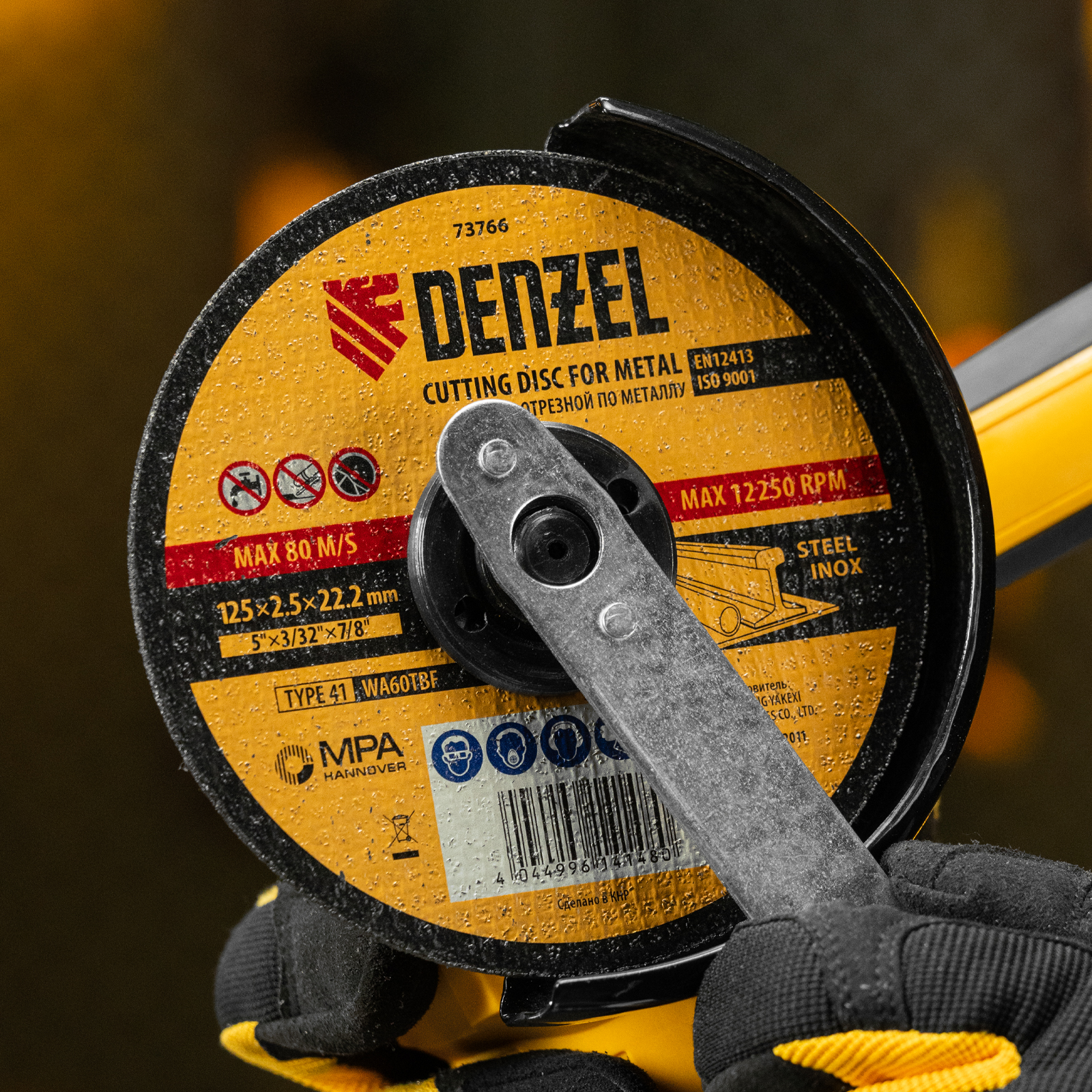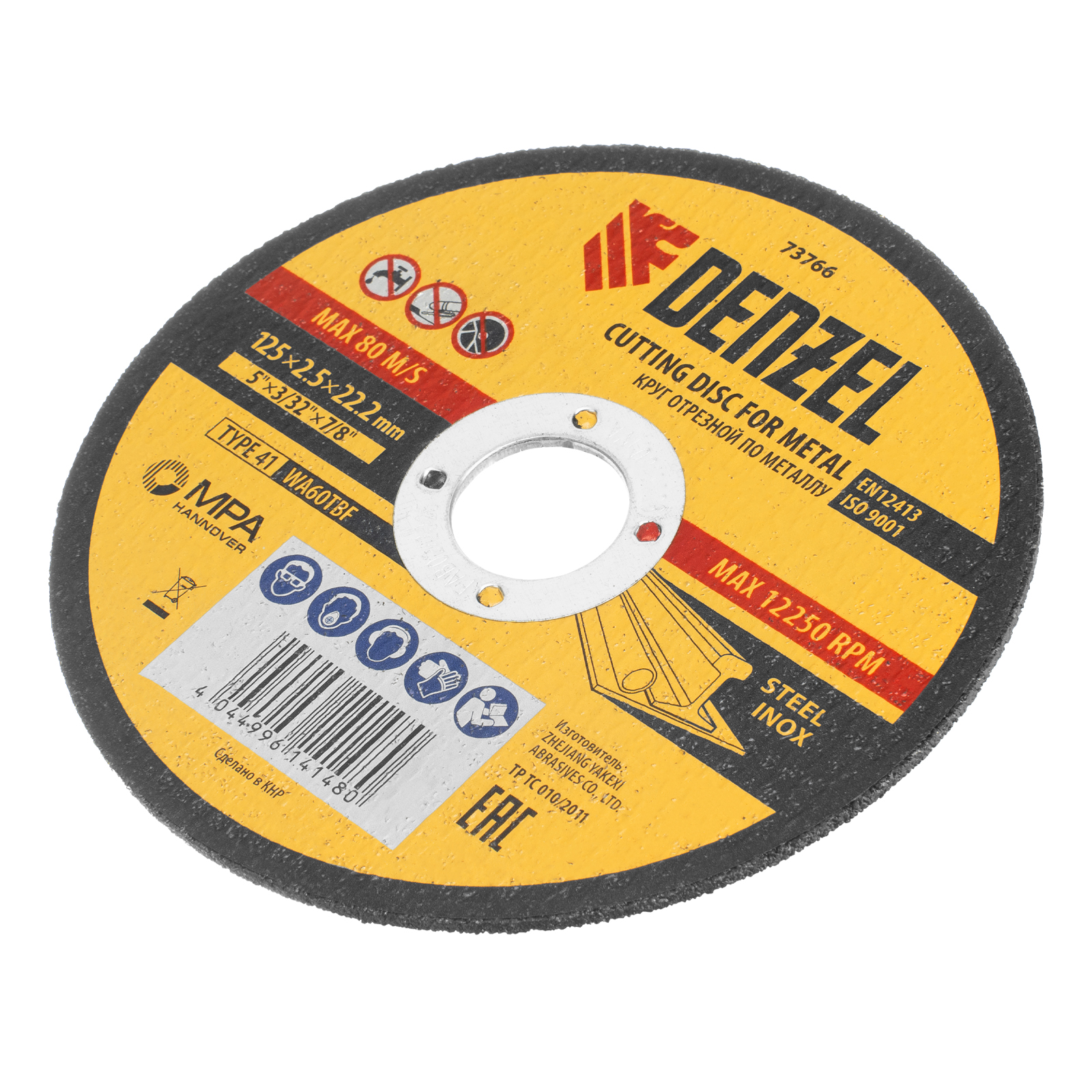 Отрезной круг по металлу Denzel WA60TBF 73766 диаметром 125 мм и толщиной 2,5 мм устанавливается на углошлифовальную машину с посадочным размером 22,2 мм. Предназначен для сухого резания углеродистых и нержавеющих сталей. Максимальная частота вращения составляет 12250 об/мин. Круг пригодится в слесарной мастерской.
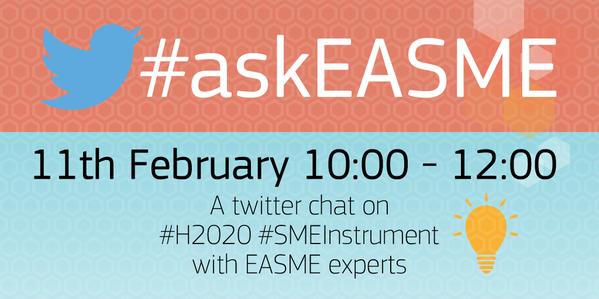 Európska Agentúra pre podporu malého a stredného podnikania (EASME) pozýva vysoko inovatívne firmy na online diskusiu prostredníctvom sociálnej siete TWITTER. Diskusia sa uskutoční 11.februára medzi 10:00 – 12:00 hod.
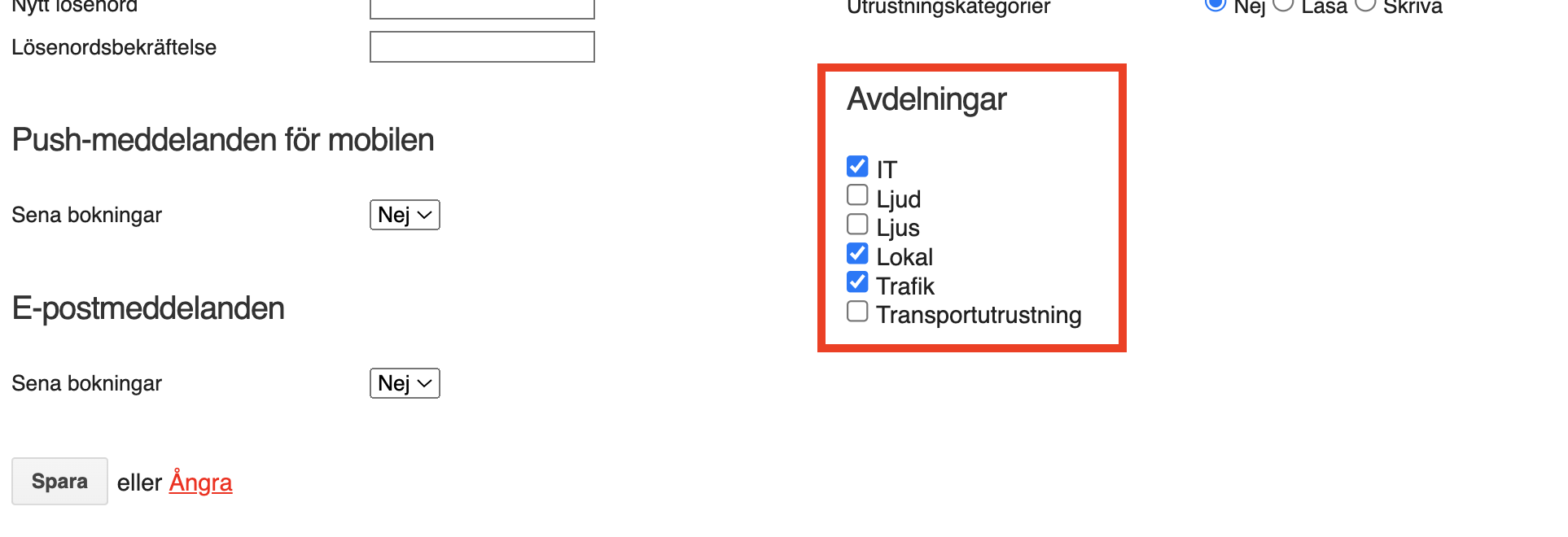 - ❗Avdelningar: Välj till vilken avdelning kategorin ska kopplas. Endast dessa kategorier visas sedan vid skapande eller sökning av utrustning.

--

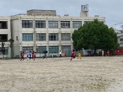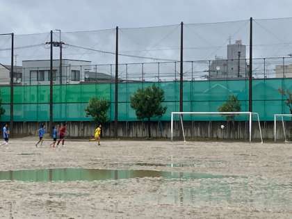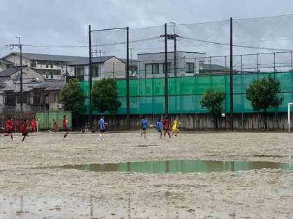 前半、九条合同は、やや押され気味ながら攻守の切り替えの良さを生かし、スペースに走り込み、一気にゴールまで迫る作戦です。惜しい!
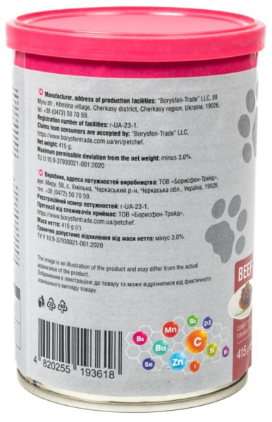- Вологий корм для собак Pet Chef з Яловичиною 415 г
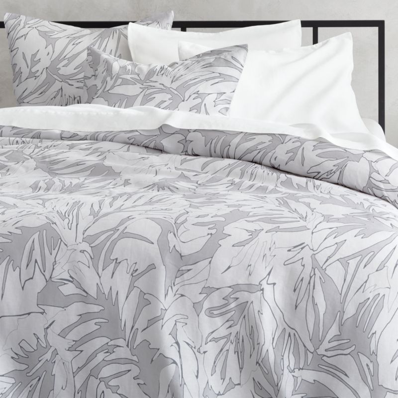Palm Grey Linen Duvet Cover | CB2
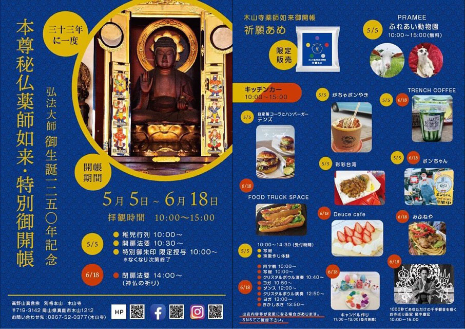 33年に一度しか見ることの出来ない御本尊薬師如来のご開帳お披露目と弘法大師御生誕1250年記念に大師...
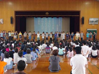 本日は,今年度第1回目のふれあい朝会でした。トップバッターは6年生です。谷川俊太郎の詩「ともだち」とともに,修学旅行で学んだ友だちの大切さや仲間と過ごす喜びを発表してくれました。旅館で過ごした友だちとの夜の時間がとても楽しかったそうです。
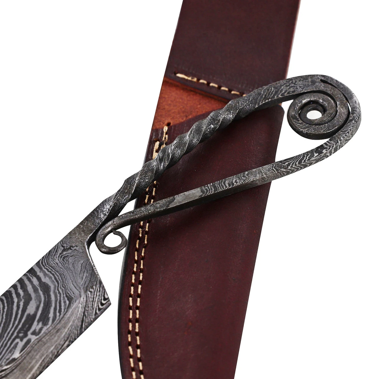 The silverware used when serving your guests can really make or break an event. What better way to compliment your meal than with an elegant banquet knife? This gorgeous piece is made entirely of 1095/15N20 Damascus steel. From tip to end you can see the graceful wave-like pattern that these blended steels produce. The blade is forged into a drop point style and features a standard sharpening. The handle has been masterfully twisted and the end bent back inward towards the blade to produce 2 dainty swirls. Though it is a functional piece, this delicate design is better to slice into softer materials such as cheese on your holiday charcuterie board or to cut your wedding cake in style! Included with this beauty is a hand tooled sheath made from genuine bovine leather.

...

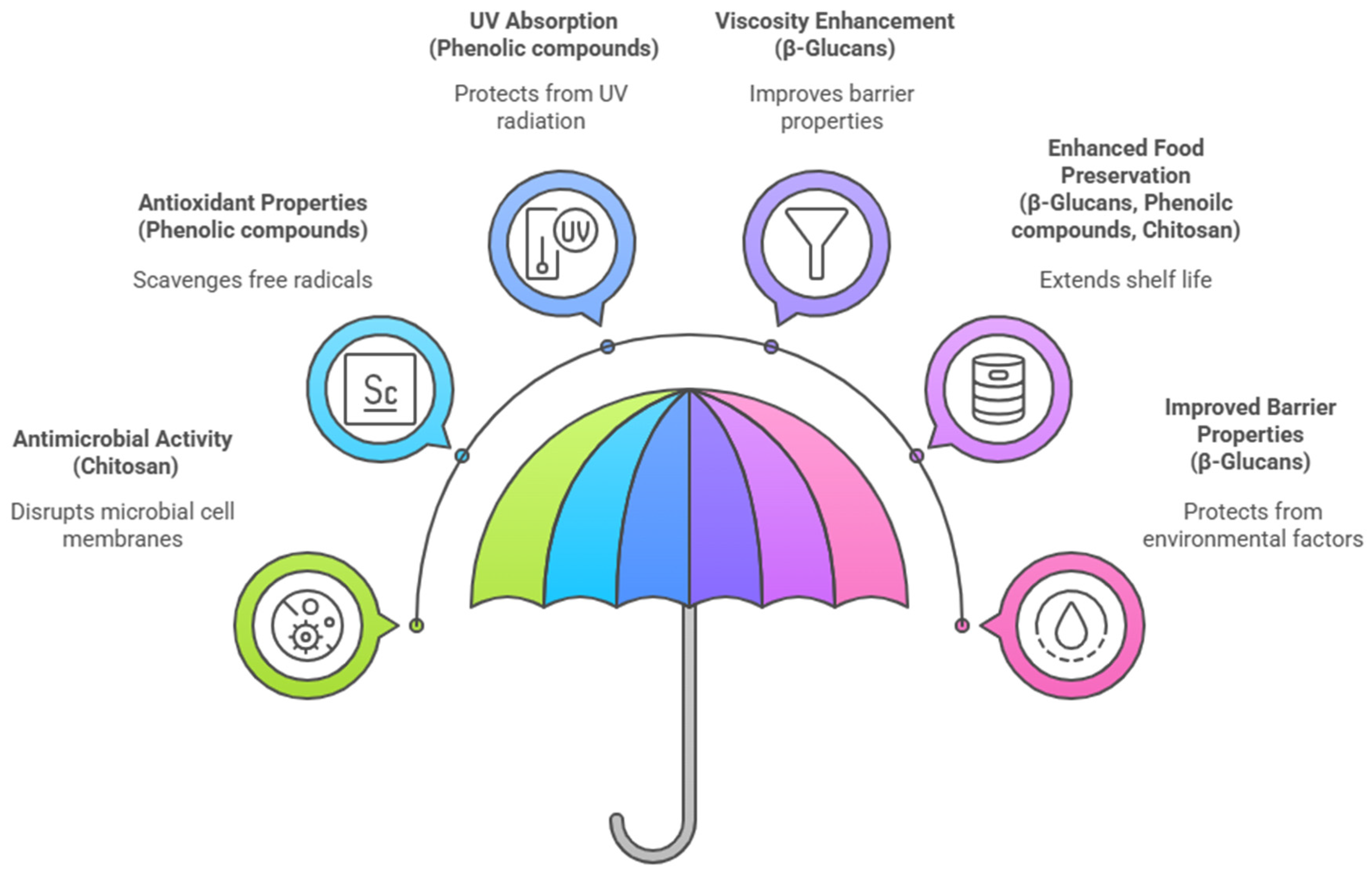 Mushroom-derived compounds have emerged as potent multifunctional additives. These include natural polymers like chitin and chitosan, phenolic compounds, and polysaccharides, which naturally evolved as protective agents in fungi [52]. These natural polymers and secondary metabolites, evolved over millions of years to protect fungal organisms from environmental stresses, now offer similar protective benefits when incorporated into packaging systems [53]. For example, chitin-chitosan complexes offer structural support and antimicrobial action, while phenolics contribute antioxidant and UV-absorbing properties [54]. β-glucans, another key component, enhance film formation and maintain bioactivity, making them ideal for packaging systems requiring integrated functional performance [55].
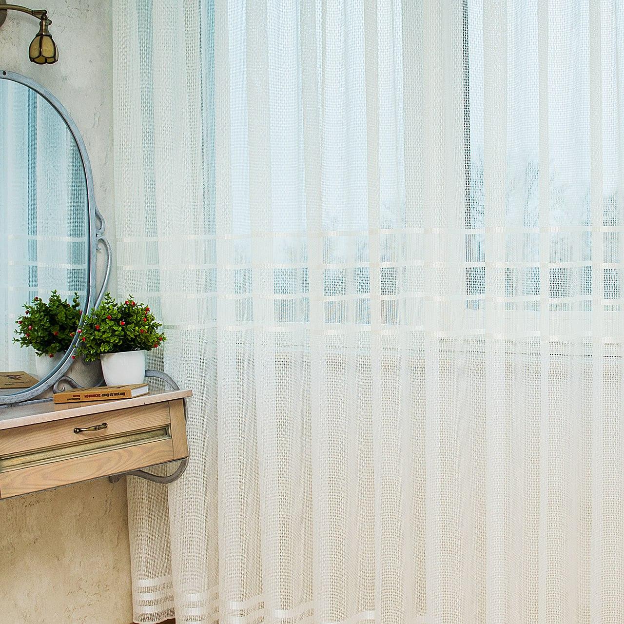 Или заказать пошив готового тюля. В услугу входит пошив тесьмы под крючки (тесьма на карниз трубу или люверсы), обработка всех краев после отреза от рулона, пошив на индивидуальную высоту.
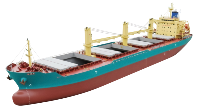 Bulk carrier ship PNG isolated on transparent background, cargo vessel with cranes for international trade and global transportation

WHAT TO DO:
Copy nothing but the lines above from the one with "33年に一度しか見ることの出" to the one with "The silverware used", inclusive, word for word. Leave every picture out.

ANSWER BELOW:
 33年に一度しか見ることの出来ない御本尊薬師如来のご開帳お披露目と弘法大師御生誕1250年記念に大師...
 本日は,今年度第1回目のふれあい朝会でした。トップバッターは6年生です。谷川俊太郎の詩「ともだち」とともに,修学旅行で学んだ友だちの大切さや仲間と過ごす喜びを発表してくれました。旅館で過ごした友だちとの夜の時間がとても楽しかったそうです。
 The silverware used when serving your guests can really make or break an event. What better way to compliment your meal than with an elegant banquet knife? This gorgeous piece is made entirely of 1095/15N20 Damascus steel. From tip to end you can see the graceful wave-like pattern that these blended steels produce. The blade is forged into a drop point style and features a standard sharpening. The handle has been masterfully twisted and the end bent back inward towards the blade to produce 2 dainty swirls. Though it is a functional piece, this delicate design is better to slice into softer materials such as cheese on your holiday charcuterie board or to cut your wedding cake in style! Included with this beauty is a hand tooled sheath made from genuine bovine leather.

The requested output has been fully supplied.